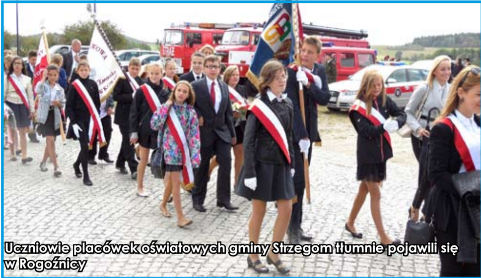
Uczniowie placówek oświatowych gminy Strzegom tłumnie pojawili się w Rogoźnicy

Obchody 76. rocznicy agresji Niemiec na Polskę już za nami. Wydarzenie, które tradycyjnie odbywa się w pierwszą niedzielę września, zgromadziło w Rogoźnicy przedstawicieli duchowieństwa, władzy państwowej i samorządowej, członków różnych organizacji i stowarzyszeń, delegacji placówek oświatowych i przede wszystkim żyjących jeszcze więźniów i ich najbliższe rodziny. Mimo niekorzystnej aury, mieszkańcy gminy Strzegom pamiętali o kolejnej rocznicy wybuchu II wojny światowej, zdając egzamin z patriotyzmu na szóstkę!
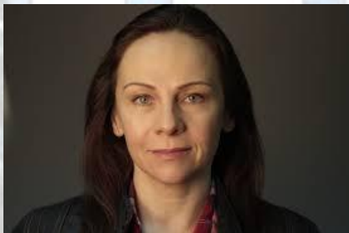
Актриса театру та кіно Олена Узлюк (1968)
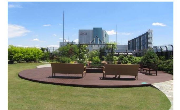
円形樹脂デッキと芝庭
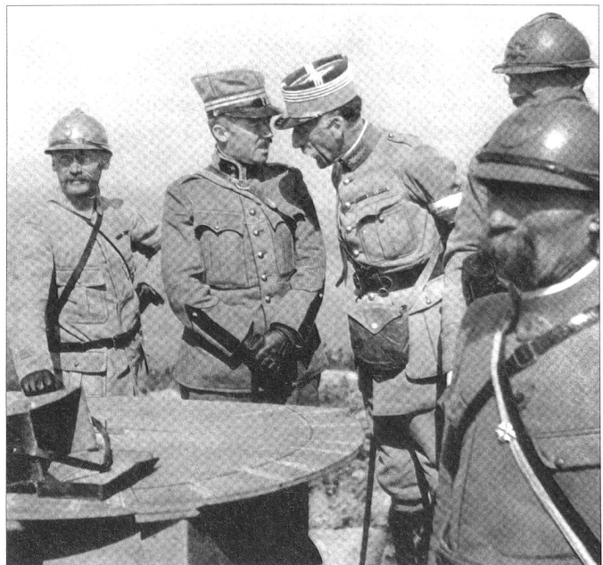
Visite de Guisan sur le front de Verdun en 1916.
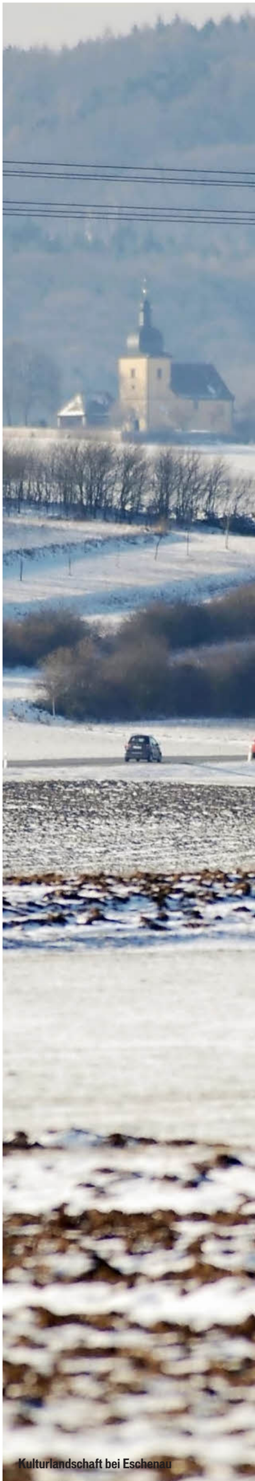
Kulturlandschaft bei Eschenau

Absolut unglaubwürdig ist aber, wie sehr der Bund Naturschutz in der Steigerwald-Diskussion auf diese wirtschaftliche Karte gesetzt hat, nicht auf den Naturschutz. Der Steigerwald wird nicht besser, wenn er offensiv für den Tourismus erschlossen wird. Und für die Menschen im Steigerwald nicht lebenswerter. Die Naturschützer haben mit dieser Taktik ihrem eigenen Traum einen Bärendienst erwiesen. Bernhard Grzimek, Vater der Nationalpark-Idee, wäre nie auf die Idee gekommen, erst die wirtschaftlichen Effekte zu sehen und dann den Schutz der Natur. Hätte er so gedacht, dann wäre die Serengeti in Ostafrika heute ein Öko-Disneyland. Hier ist es gelungen, die Natur nachhaltig zu schützen und auf diesem Weg für den Tourismus interessant zu machen. So herum, langfristig und nachhaltig, so wie man es auch im Wald tut. Der Bund Naturschutz wollte im Steigerwald beides, und zwar sofort. Und steht jetzt mit leeren Händen da – Blamage des Jahres.
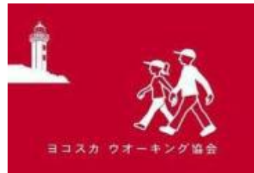
ヨコスカ ウオーキング協会旗

掲載の行事は全て会員以外の方も予約なしで参加できます。 受付時間内に直接お越しください。 ヨコスカ ウオーキング協会の2023年度(2024年3月まで)の全行事は、 横須賀市の「後援」を受けています。
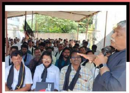
జగ్గనపేటలో ఆందోళన వ్యక్తం చేస్తున్న కార్యకర్తలకు సంఘీభావం తెలుపుతున్న జ్యోతుల నెట్టెం
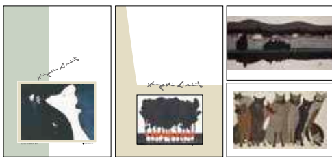
オリジナルグッズ
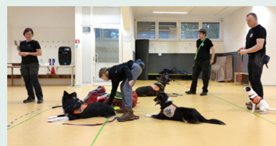
Otroke v vrtcu Bled obiskali pasji reševalci
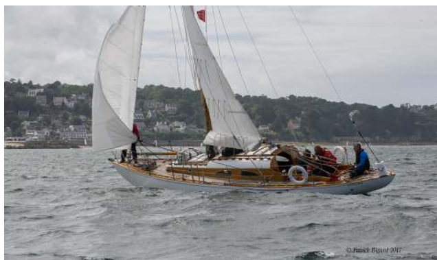
FIGURE 7 – Prologue de la Coupe des Deux Phares en baie de Douarnenez en 2017.
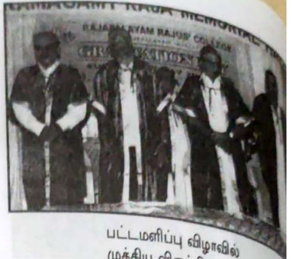
பட்டமளிப்பு விழாவில் முக்கிய விருந்தினர்கள்
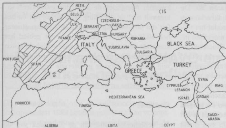
Afb. 1 Het gebied van Afsouth. Frankrijk en Spanje, alhoewel NAVO-lid, dragen niet met strijdkrachten bij aan Afsouth; Portugal heeft, in geval van een conflict, een deel van zijn strijdkrachten beschikbaar voor de versterking van Noord-Italië

conflict het noordoosten van Italië versterken. Alhoewel Frankrijk en Spanje als NAVO-lidstaten wel regelmatig deelnemen aan militaire oefeningen in het gebied, zijn zij niet in de militaire structuur van Afsouth opgenomen. De verwachting bestaat echter dat Spanje in de toekomst wel deel zal gaan uitmaken van de militaire structuur.
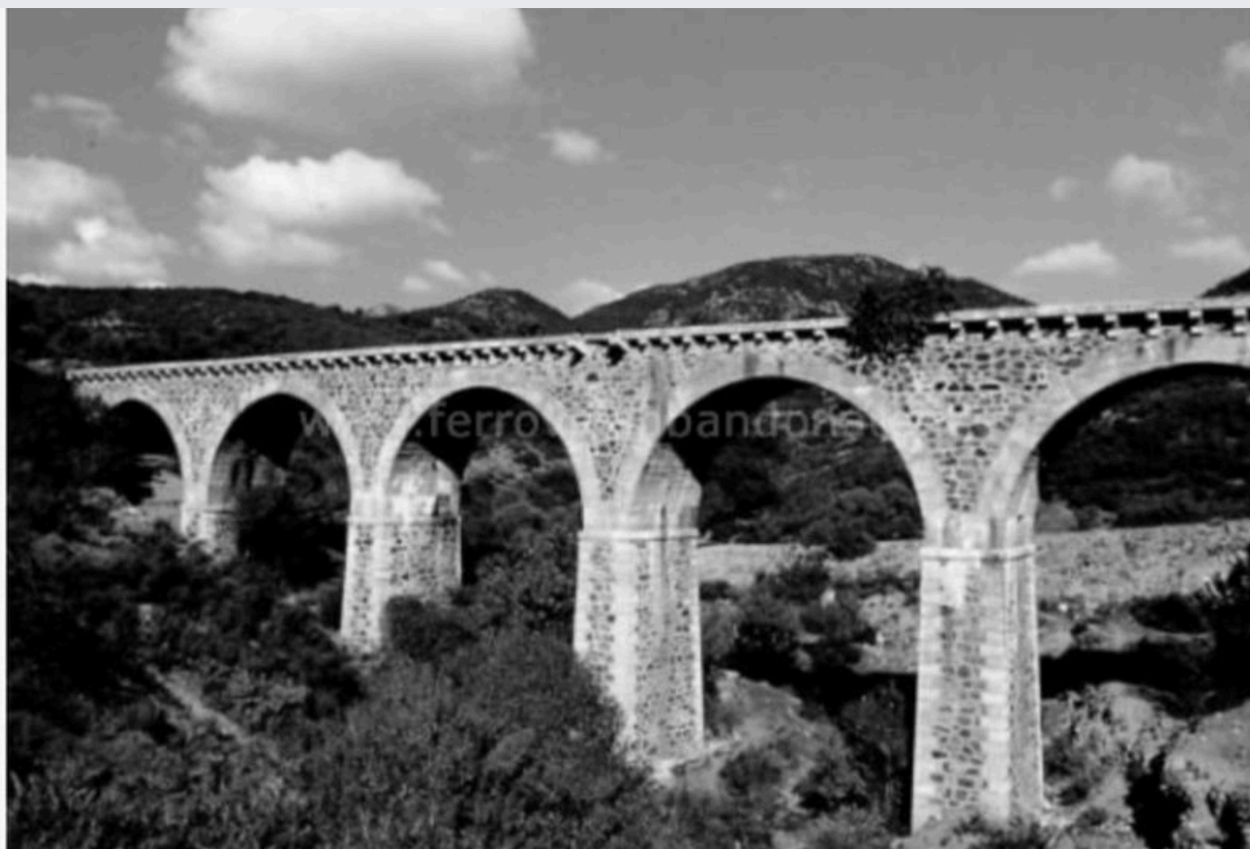
Immagine storica del viadotto sul rio Gutturu Ruinas, tra Siliqua e Campanasissa.

Difatis in is primus dexi annus de su Noixentus giai si fut cumentzau a pentzai a una l`inia ferroviària chi poniat in collegamentu su Sulcis cun Casteddu e iant aprovau de fabricai sa l`inea Silicua - Caleseda chi passàt po Santadi. In su mesi de idas de su 1914 in Roma iant fundau sa Società delle Ferrovie Meridionali Sarde (FMS).
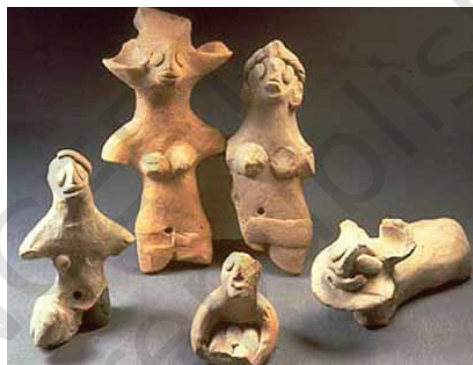
टेराकोटा के खिलौने
____
## [Work task]
For every line above, produce an exact transcription that omits the images.

## [Task solution]
Uczniowie placówek oświatowych gminy Strzegom tłumnie pojawili się w Rogoźnicy

Obchody 76. rocznicy agresji Niemiec na Polskę już za nami. Wydarzenie, które tradycyjnie odbywa się w pierwszą niedzielę września, zgromadziło w Rogoźnicy przedstawicieli duchowieństwa, władzy państwowej i samorządowej, członków różnych organizacji i stowarzyszeń, delegacji placówek oświatowych i przede wszystkim żyjących jeszcze więźniów i ich najbliższe rodziny. Mimo niekorzystnej aury, mieszkańcy gminy Strzegom pamiętali o kolejnej rocznicy wybuchu II wojny światowej, zdając egzamin z patriotyzmu na szóstkę!
Актриса театру та кіно Олена Узлюк (1968)
円形樹脂デッキと芝庭
Visite de Guisan sur le front de Verdun en 1916.
Kulturlandschaft bei Eschenau

Absolut unglaubwürdig ist aber, wie sehr der Bund Naturschutz in der Steigerwald-Diskussion auf diese wirtschaftliche Karte gesetzt hat, nicht auf den Naturschutz. Der Steigerwald wird nicht besser, wenn er offensiv für den Tourismus erschlossen wird. Und für die Menschen im Steigerwald nicht lebenswerter. Die Naturschützer haben mit dieser Taktik ihrem eigenen Traum einen Bärendienst erwiesen. Bernhard Grzimek, Vater der Nationalpark-Idee, wäre nie auf die Idee gekommen, erst die wirtschaftlichen Effekte zu sehen und dann den Schutz der Natur. Hätte er so gedacht, dann wäre die Serengeti in Ostafrika heute ein Öko-Disneyland. Hier ist es gelungen, die Natur nachhaltig zu schützen und auf diesem Weg für den Tourismus interessant zu machen. So herum, langfristig und nachhaltig, so wie man es auch im Wald tut. Der Bund Naturschutz wollte im Steigerwald beides, und zwar sofort. Und steht jetzt mit leeren Händen da – Blamage des Jahres.
ヨコスカ ウオーキング協会旗

掲載の行事は全て会員以外の方も予約なしで参加できます。 受付時間内に直接お越しください。 ヨコスカ ウオーキング協会の2023年度(2024年3月まで)の全行事は、 横須賀市の「後援」を受けています。
జగ్గనపేటలో ఆందోళన వ్యక్తం చేస్తున్న కార్యకర్తలకు సంఘీభావం తెలుపుతున్న జ్యోతుల నెట్టెం
オリジナルグッズ
Otroke v vrtcu Bled obiskali pasji reševalci
FIGURE 7 – Prologue de la Coupe des Deux Phares en baie de Douarnenez en 2017.
பட்டமளிப்பு விழாவில் முக்கிய விருந்தினர்கள்
Afb. 1 Het gebied van Afsouth. Frankrijk en Spanje, alhoewel NAVO-lid, dragen niet met strijdkrachten bij aan Afsouth; Portugal heeft, in geval van een conflict, een deel van zijn strijdkrachten beschikbaar voor de versterking van Noord-Italië

conflict het noordoosten van Italië versterken. Alhoewel Frankrijk en Spanje als NAVO-lidstaten wel regelmatig deelnemen aan militaire oefeningen in het gebied, zijn zij niet in de militaire structuur van Afsouth opgenomen. De verwachting bestaat echter dat Spanje in de toekomst wel deel zal gaan uitmaken van de militaire structuur.
Immagine storica del viadotto sul rio Gutturu Ruinas, tra Siliqua e Campanasissa.

Difatis in is primus dexi annus de su Noixentus giai si fut cumentzau a pentzai a una l`inia ferroviària chi poniat in collegamentu su Sulcis cun Casteddu e iant aprovau de fabricai sa l`inea Silicua - Caleseda chi passàt po Santadi. In su mesi de idas de su 1914 in Roma iant fundau sa Società delle Ferrovie Meridionali Sarde (FMS).
टेराकोटा के खिलौने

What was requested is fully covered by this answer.